The 1800-acre (728.4 ha) wildlife preserve is home to 3500 animals representing 400 species. It is also a botanical garden with more than a million plants. The animals mingle together in a semi-arid environment much like they do in their native Africa and Asia.
The park and the San Diego Zoo are operated by the Zoological Society of San Diego. The Safari Park attracts more than 2 million visitors annually.
For tree-care professionals, the Safari Park is also an experience few in the business ever encounter — branches being snapped off by the tongue of a giraffe or tree trunks battered by a 5000-pound (2268 kg) rhino. Plus, you have to work among giant-sized animals.

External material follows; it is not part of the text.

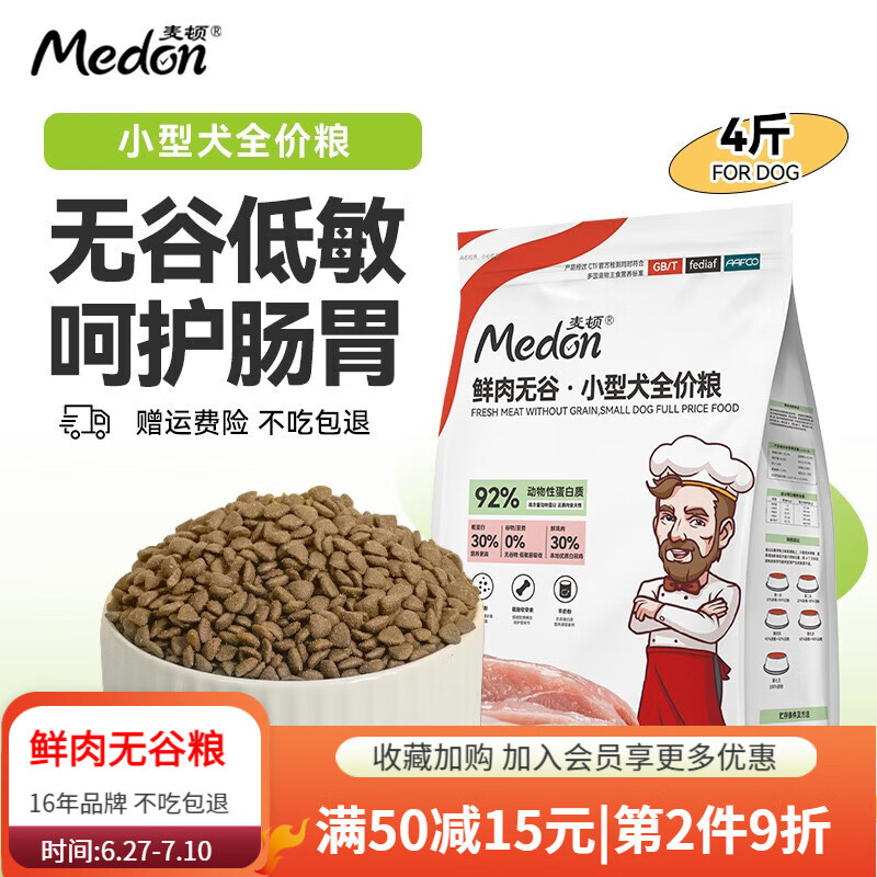 麦顿 狗粮小型犬无谷鲜肉泰迪贵宾金毛天然狗粮全犬种通用 升级款鲜肉无谷粮-小型成幼犬 2kg

The wind preceding the firestorm of 2007 took down about half the trees in the 300-acre (121.4 ha) rhino field; some were 70-foot-tall (21.3 m) cottonwoods. “We used our Vermeer®
BC1500 brush chipper
for days cleaning up,” says Javier Quiroz, lead arborist. “The rhinos were very curious about what we were doing, so we had to constantly move them away with our trucks.”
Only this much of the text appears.